About Us

The Alexander Berkman Social Club is a group of anarchists who want to talk about what anarchism is, how anarchists see things and what anarchy could look like. Named after the editor of San Francisco’s mighty The Blast, we hope to have continual monthly meetings that are open to all. If you come you’ll get a membership card, the chance to win thousands of dollars (alright – the odd book or two) and hopefully something to think about and act on. You failed the audition for “So You Think You Can Dance,” and you just don’t seem with it. Don’t worry. The ABSC will have you. See you there!

Monday, January 5, 2009

Sheila Rowbotham in San Francisco Bay Area

EDWARD CARPENTER: A LIFE OF LIBERTY AND LOVE

By Sheila Rowbotham

Noted socialist feminist historian Shelia Rowbotham will be giving a series of lectures on her recent book on Edward Carpenter throughout January around the Bay Area. Check them out!




Thursday, January 8, 2009, 6-7:30 pm
San Francisco Main Library,
100 Larkin Street in the Latino/Hispanic Room.
The event is co-sponsored by the SF Public Library Hormel Center, the Edward Carpenter Forum and the SF GLBT Historical Society.

In conjunction with Rowbotham's appearance, the Library will mount the exhibit, My Days and Dreams: The Worlds of Edward Carpenter, Early Gay Freedom Pioneer, during the month of January on the 3rd floor of the Main Library.

Sunday, January 11, 2009, 2-4 pm
Bound Together Bookstore
1369 Haight Street
San Francisco, CA 94117
415.431-8355

Wednesday, January 14, 2009, 7:30 PM
Moe’s Books
2476 Telegraph Avenue
Berkeley CA 94704

Thursday, January 22, 2009 , 7:00 PM
Alexander Berkman Social Club
552 Valencia Street
San Francisco, CA 94110



The first major biography of late Victorian sexual and political libertarian, Edward Carpenter, by renowned feminist historian, Sheila Rowbotham. A rare document of the alternative lifestyles and radicalism of Carpenter's times by a woman who was on the frontline of the left and feminist movements of the sixties.

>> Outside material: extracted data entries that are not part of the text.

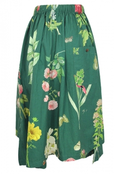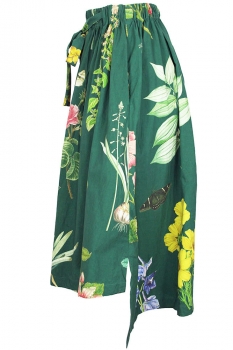 Aleksandr Manamis asymettric print fabric skirt in Jardin vert print. Gathered elasticated waist, with fabric tie. Highly gathered at the waist. 2 side pockets. There are vents at each side and the rear is longer on the right and the front is longer on the left. Beautiful and interesting skirt. Very full.
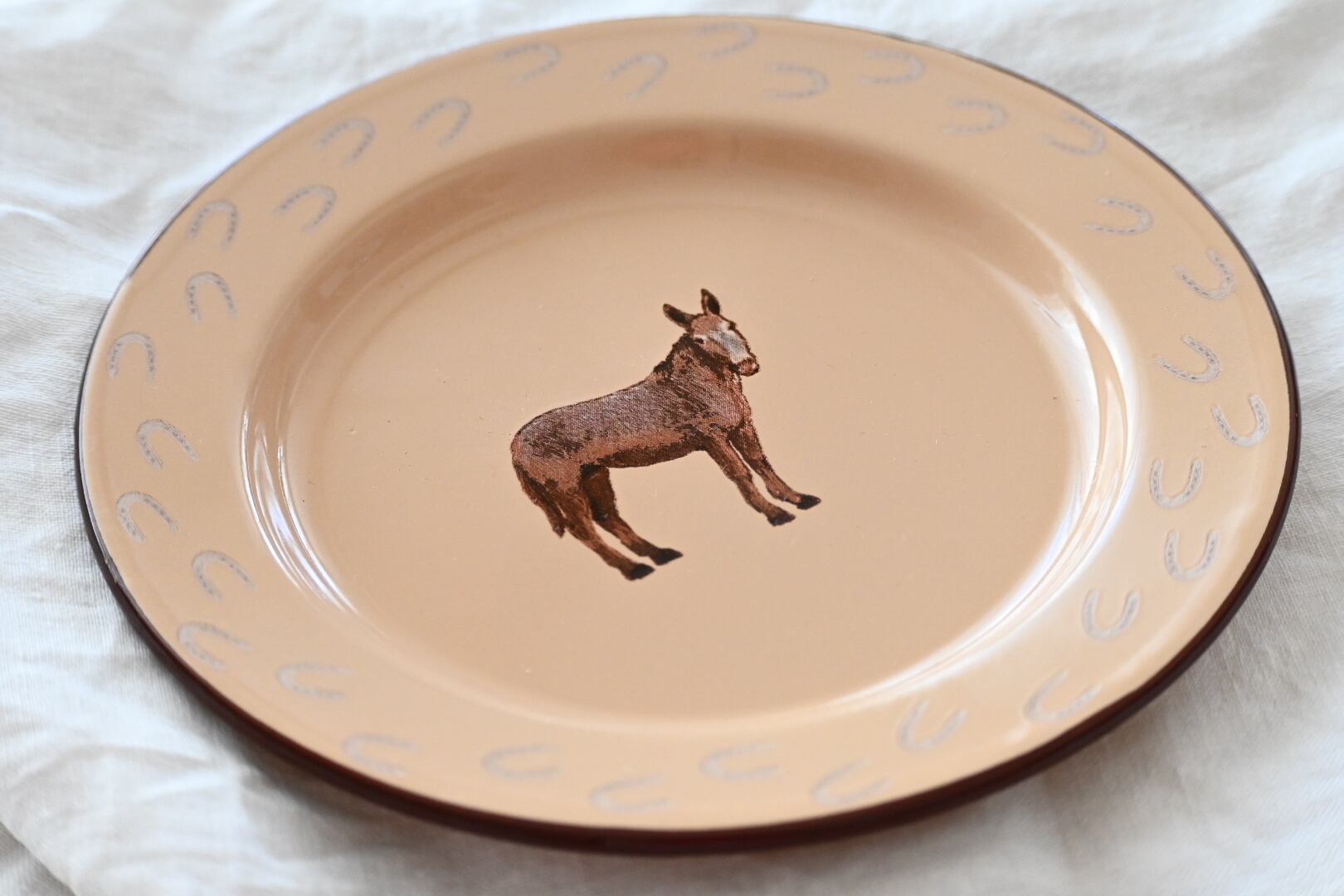 ・(タイ)ホーローのお皿馬柄 リムもベージュ×2点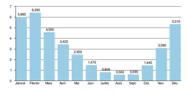 À l'étiage, le VCN3 peut chuter jusque 0,130 m3/s, en cas de période quinquennale sèche, soit 75 litres par seconde[2], ce qui est sévère, mais fréquent dans cette région.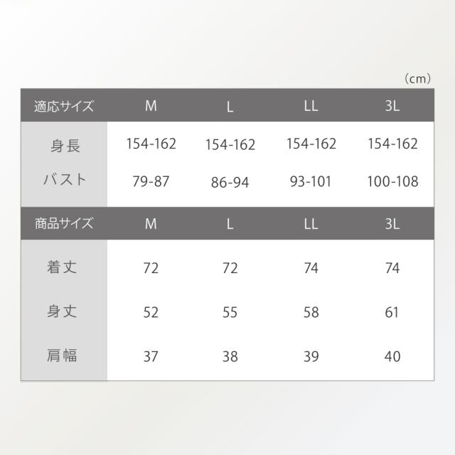■サイズ:身長154-162、M/バスト79-87、着丈72、身丈52、肩幅37、L/バスト86-94、着丈72、身丈55、肩幅38、LL/バスト93-101、着丈74、身丈58、肩幅39、3L/バスト100-108、着丈74、身丈61、肩幅40cm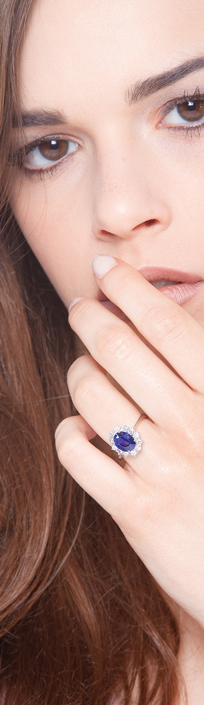 Halo Ring aus Weißgold 750 mit blauem Saphir und Diamanten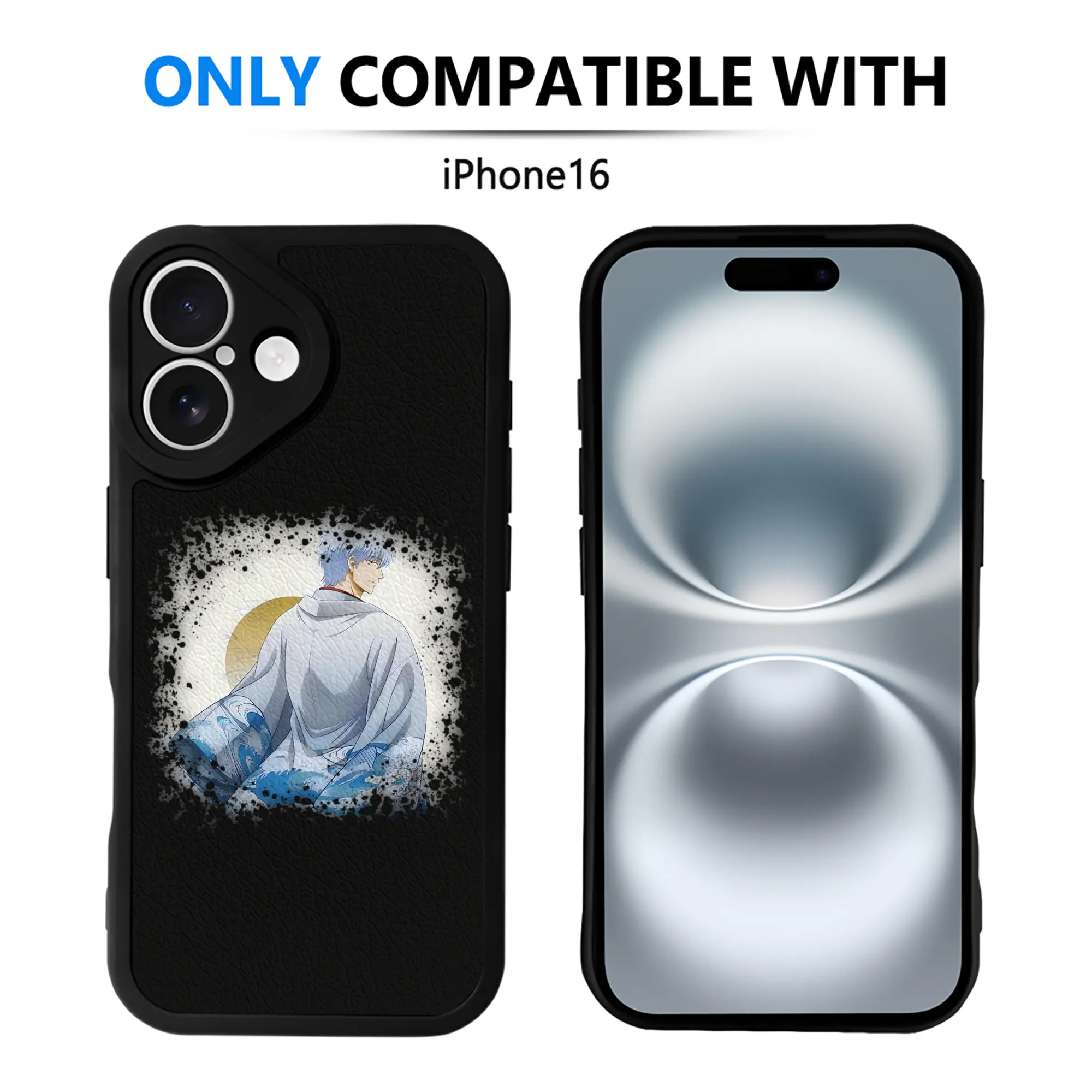 銀魂 グッズ 坂田 銀時 - IPhone 16シリーズ対応 ・ シリコンスマホケース ・ レザー調 ・ 高精度フィット ・ 耐衝撃 ・ ワイヤレス充電対応 ・ 精密カット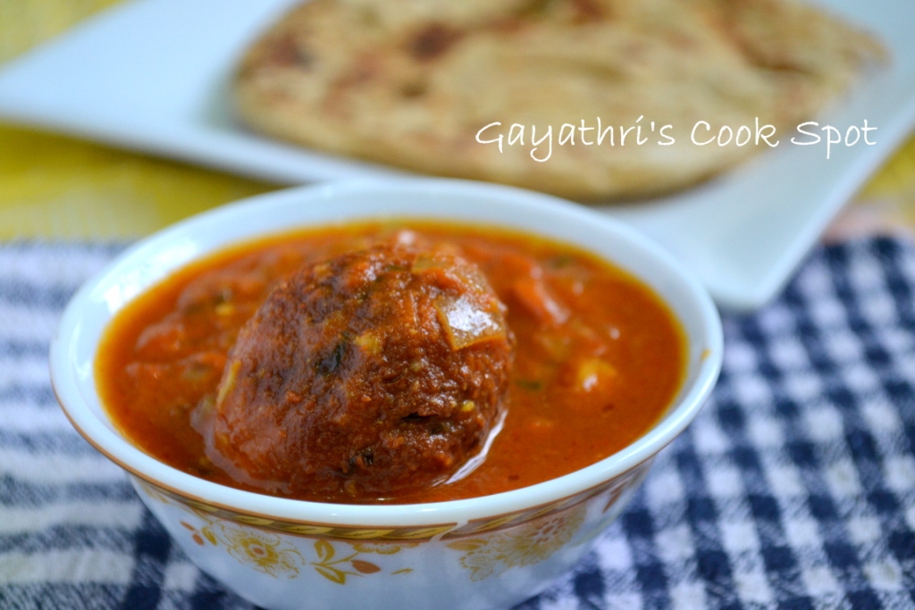 For yesterday’s dinner I prepared this delicious curry to go with till parathas (the recipe comes tomorrow). I am a great fan of paneer, but usually avoid it in the name of dieting. Yesterday I made some paneer and was thinking of using up in a nice gravy. I didn’t follow any particular recipe for this curry. Just added the ingredients according to my mind while preparing. The result was fabulous. The gravy was so rich and the koftas were absolutely delicious. I used half quantity home prepared red chilly powder and half quantity of Kashmiri red chilly powder. Kashmiri red chilly powder gives a nice colour to the gravy. That is why the gravy looks so colourful. The till parantha was a great combination for this curry. Hubby liked it so much.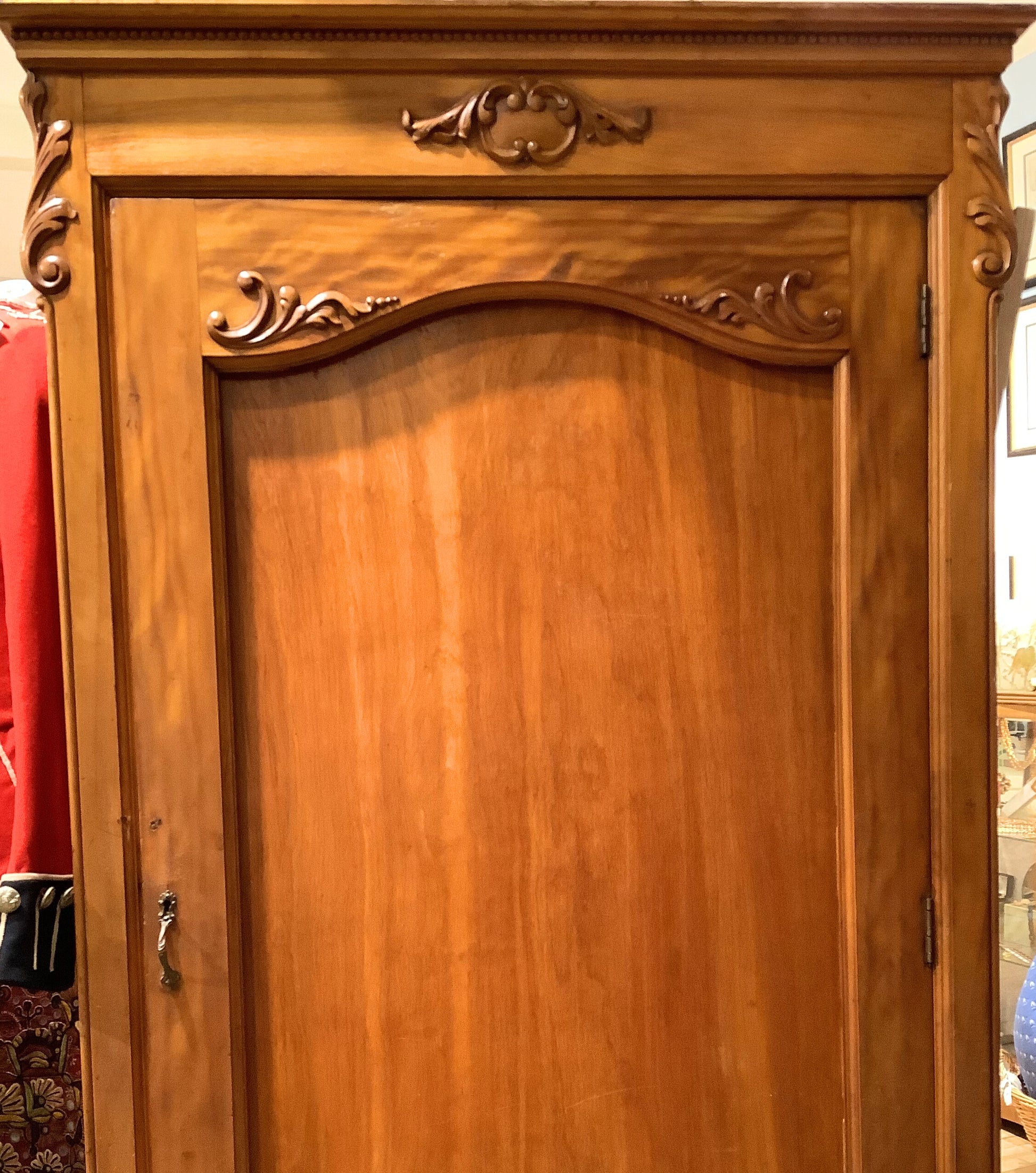 Solid oak, Victorian armoire, with beautiful carved details, containing two shelves, one pull out drawer, and spacious hanging space. This lovely armoire holds a lot and works wonderfully in small spaces. Originally designed to have a mirrored front, which has sadly disappeared, this armoire maintains its appeal and is in otherwise excellent condition.

Edward Carpenter, libertarian and campaigner for gay love, women's suffrage, nudism and recycling, was a central figure in the cultural and political landscape of late nineteenth and early twentieth centuries. Meticulously researched and beautifully written, this biography situates
Carpenter's life and thought in relation to the social, aesthetic and intellectual movements of his day, and explores his friendship with figures such as Walt Whitman, Robert Graves, Oscar Wilde, E.M. Forster, Isadora Duncan and Emma Goldman.

With a commitment to bringing out the range of interconnections evident in Carpenter's life, through his network, his mix of causes, his interests and his thinking, Rowbotham knits together a great alternative social history of Victorian England and presents a compelling portrait of a man described by his contemporaries as a "weather-vane" for his times.